In our article, 'The USD 12 bn Opportunity: Increasing transparency in India’s trucking marketplace', we highlighted the importance of a freight index and a freight exchange in the country’s trucking spot market. Here, we put forth our thoughts on potential hallmarks of a good freight index.

Imagine a regular user of any trustworthy index, who performs real financial transactions and presents insights to his/her company’s management using the index – a number or a trendline which represents the state of affairs of the market being represented and the indicator being measured. A lot rides on the index, especially when organizations are going to take decisions based on the same. Taking cues from several indices such as Brendt Crude Oil Prices, Index of Industrial Production (IIP), Baltic Dry Index, SENSEX and others, we feel that a freight index should have the following characteristics in order to be trusted and adopted.

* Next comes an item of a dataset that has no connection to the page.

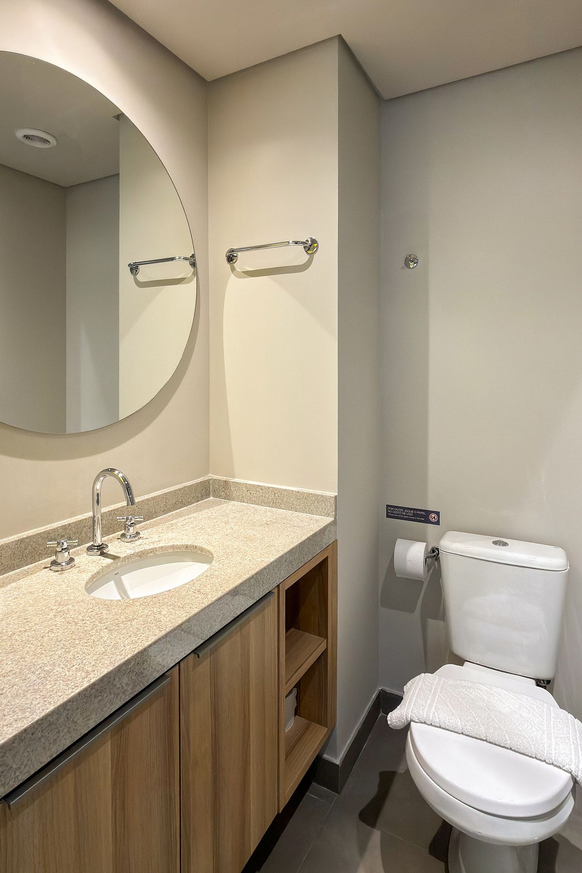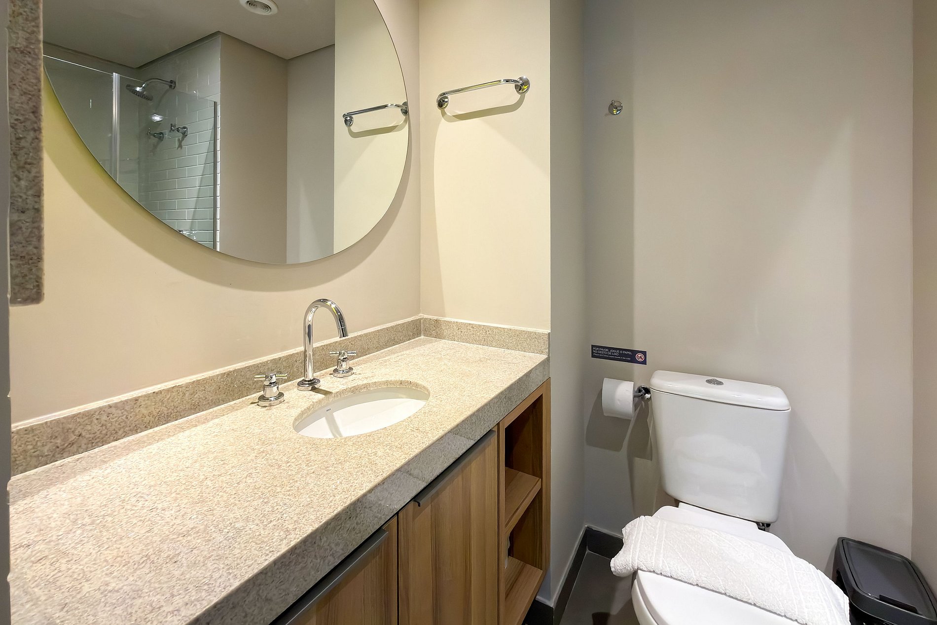 Banheiro com secador de cabelo, utensílios básicos e toalhas inclusas

Screen Shot 2019-06-17 at 8.27.44 PM

  1. Transparent logic: The entire computation logic needs to be published alongside the indices in order to improve believability and reduce ambiguity.
  2. Credibility: The index should be reflective of actual indicators (prices, rates, volumes) and hence one should use more of actual than imputed data.
  3. Regular refresh: The index needs to be updated on a periodic basis. Thus, only those data sources and categories with regular updates should be used. For example, one cannot use routes or markets where the transaction happens once a month for a daily refresh. The more frequent the update – less the number of data points available per update. Hence, one should be cognizant of the trade-offs and perform refreshes accordingly at a suitable frequency.
  4. Consistency in logic: The lanes used, weights assigned, granularity should be maintained period on period. This implies that one cannot change the lanes, weights and granularity for a given time series of index. In the future, one can start off a new series, if based on or started from a different reference month.
  5. Usability: The index should be useful to the user in the maximum possible way with least additional assumptions. Hence the index should be:
  6. Comprehensive: The sub-indices should be representative of the entire market. Hence should have all possible distance bands, zones, most common truck types.
  7. Granular: The granularity should be such that each user can use the most granular index to infer the spot market movement for his own volume / network mix
  8. Representative: The most granular index should be a measure of at least 4-5 lanes to cover most directions of travel from the source. The count of lanes however is limited by number of data points available.
  9. Universality: The index should be universally accepted and understood. Take the case of Container, 32ft mxl, ex North for 750+ km haulage. It is difficult to represent trends on the entire population of lanes in this bucket with solely with trip prices or price per ton. Hence, the trend of freight rates on this combination needs to be represented in INR per ton-km as it is universally accepted and can easily be used by users for their own network footprint.
  10. Scalability: The index should meet all bars on credibility and regulatory requirements for any new developments, now or in the future, built upon the index. For example, if a derivative product is built on the index, the underlying data should be reflective of highly liquid transactions and meet any legal criteria required.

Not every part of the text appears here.